Raras veces se hallan bien colocadas las cortinas o responden acertadamente al resto del
decorado. Con un mobiliario completo y racional, las cortinas están fuera de su sitio, y un
vasto volumen de paños, de cualquier clase que sean y en cualesquiera circunstancias, es
inconcebible con el buen gusto, pues la cantidad conveniente, así como la adaptación
conveniente, dependen del carácter del efecto natural.

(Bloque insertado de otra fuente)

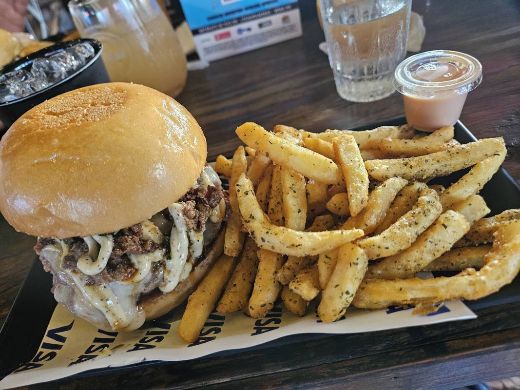 pan artesanal de amapola, pastrami colonense hecho en casa, con aproximadamente 200 horas de trabajo entre curado ahumado y demás; queso gouda derretido, pimento cheese estilo Lowcountry, doble smash de carne de res local y salsa muhammara (pimientos y nueces y especias Gullah Geechee). Chips de plátano para aportar crocancia, Las papasse sirven con kétchup de zapallo. Una propuesta que sostiene la razón de ser del restaurante y que mantiene el sabor de cada una de sus capas.
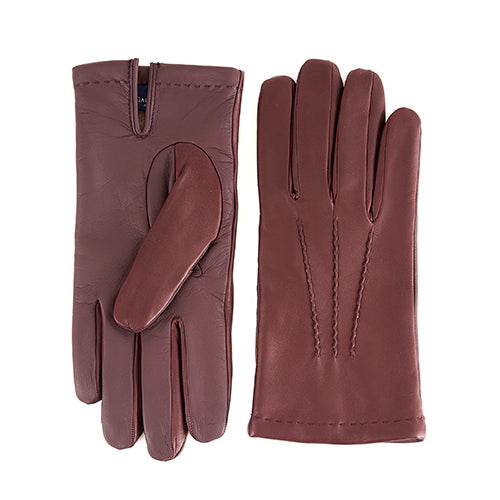 Guanti da uomo "Curniciello" in pelle nappa color marrone con dettagli in rosso e fodera in cashmere
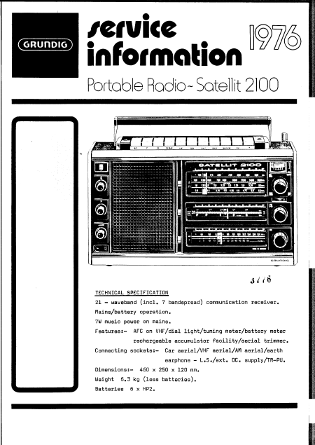Baixar GRUNDIG Satellit 2100 Manual de serviço Inglês (24 Pages) 59.90 EUR

El punto de las alfombras es mejor comprendido en estos últimos tiempos que antaño;
pero frecuentemente se comete errores en la elección de sus dibujos y colores. La alfombra es
el alma de la habitación. De la alfombra han de deducirse no sólo los colores, sino también las
formas de todos los objetos que sobre ella descansan. A un juez de Derecho consuetudinario
se le consiente que sea un hombre vulgar; un buen juez en alfombras ha de ser un hombre de
genio. Sin embargo, hemos oído discutir de alfombras, con la traza de un mouton que piensa a
más de un mocetón incapaz de recortarse él sólo sus patillas. Todo el mundo sabe que una
alfombra grande puede tener el dibujo grande, y que una pequeña ha de tenerlo pequeño; pero
no consiste en eso, entiéndase bien, el fondo del asunto. Por lo que hace relación al tejido, la
alfombra de Sajonia es la única admisible. La alfombra de Bruselas es el pretérito
pluscuamperfecto del estilo, y la de Turquía el buen gusto en su agonía definitiva.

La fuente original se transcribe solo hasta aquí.